Leaders within the bjp do not deny this. They suggest the fact that states are increasingly competing with each other for investment, as Mr Modi did when he ran Gujarat, is a reason for optimism. Some think the central government should use its control over most tax revenues as a stick and a carrot to incentivise more states to follow national priorities. Still others argue that if only the bjp had control over more states, as it does through leaders like Yogi Adityanath in Uttar Pradesh, and a whacking majority in the centre, the country’s problems would be solved.  But there are reasons to think something deeper and subtler is needed.

Softly, softly

Much of what India needs—from making courts efficient to shoring up education—depends on improved capacity, especially at the local level. In 1992 India amended its constitution to shift many functions of government to the local level. But the amendment stayed on paper. As N.K. Singh, the chairman of the 15th Finance Commission observes, “the three F’s—funds, functionaries and functions” did not follow. Just 15% of government employees work at the local level: in China and America the figure is 60%. Local government spending accounts for a paltry 3% of resources, compared with 50% in China.

Chart: The Economist

Local does not necessarily mean small-scale. The problems of “governance mismatch” are acute in big cities, where elected mayors are ceremonial and control sits with state-appointed bureaucrats less responsive to local concerns. Much of India still sees itself as fundamentally agrarian, and so governance often ignores the needs of cities. “The joke is that you become the chief minister of Maharashtra in order to gain control of Bombay,” says an adviser to the government. Since most growth comes from the cities this matters a lot. The increasing need for cities to become centres of innovation, with well-run universities surrounded by entrepreneurs, makes the issue particularly pressing.
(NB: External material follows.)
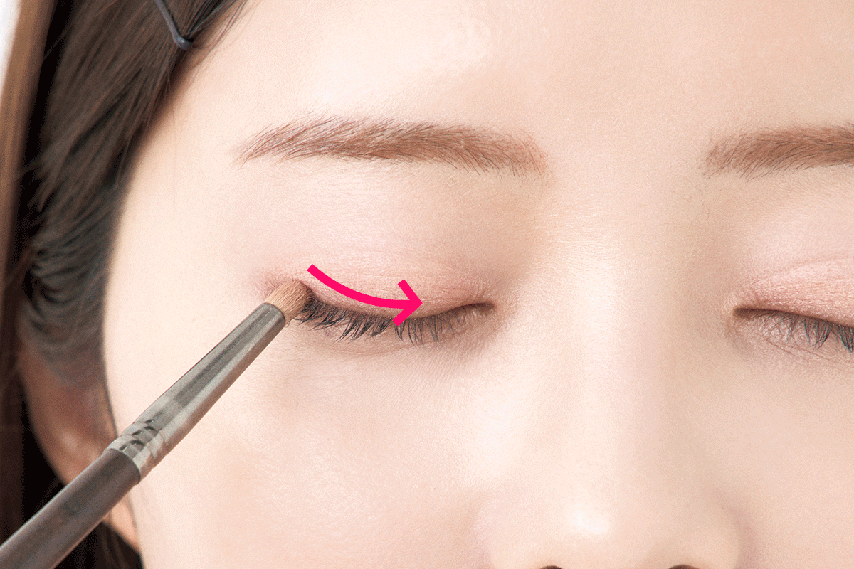 cのブラウンとbのピンクを混ぜ、上まぶたの目尻から黒目上までラインを細めに描く。目尻側に影を与え、目頭側は明るくすることでナチュラルな陰影感が誕生!

Broadly speaking, the quality of Indian government is proportional to the scale on which it is exercised. This makes the idea of delegating power down the chain of governance seem fraught to central and state governments alike. But for a really large country to develop quickly some such restructuring is necessary. Chinese reformers under Deng Xiaoping realised this early on. India has yet to grasp the nettle.

A national conversation is needed to obtain the buy-in of groups that stand to lose from reform. Mr Modi has made progress extending his party’s support among lower-class groups, but there is still a big divide between urban and rural areas and between the centre and the southern states, and Mr Modi has stirred up animosity towards Muslims and other minorities. In 2020 he tried to reform agriculture, but pushed through the changes without consulting anyone, causing massive protests, and ended up backing down. Bolstering city governance has stalled because no one wants to give up power.

India is a diverse democracy, in which no party has ever won more than half the vote, and a federal one made up of 36 diverse states and territories. Leaders cannot bulldoze everything through. That is why building a lasting consensus around reform is essential to sustaining India’s rise, a consensus as enduring as that on liberalisation in the early 1990s but far wider based. If that can be done, not only will 1.4bn people be better served, but the world at large could have a new engine of growth.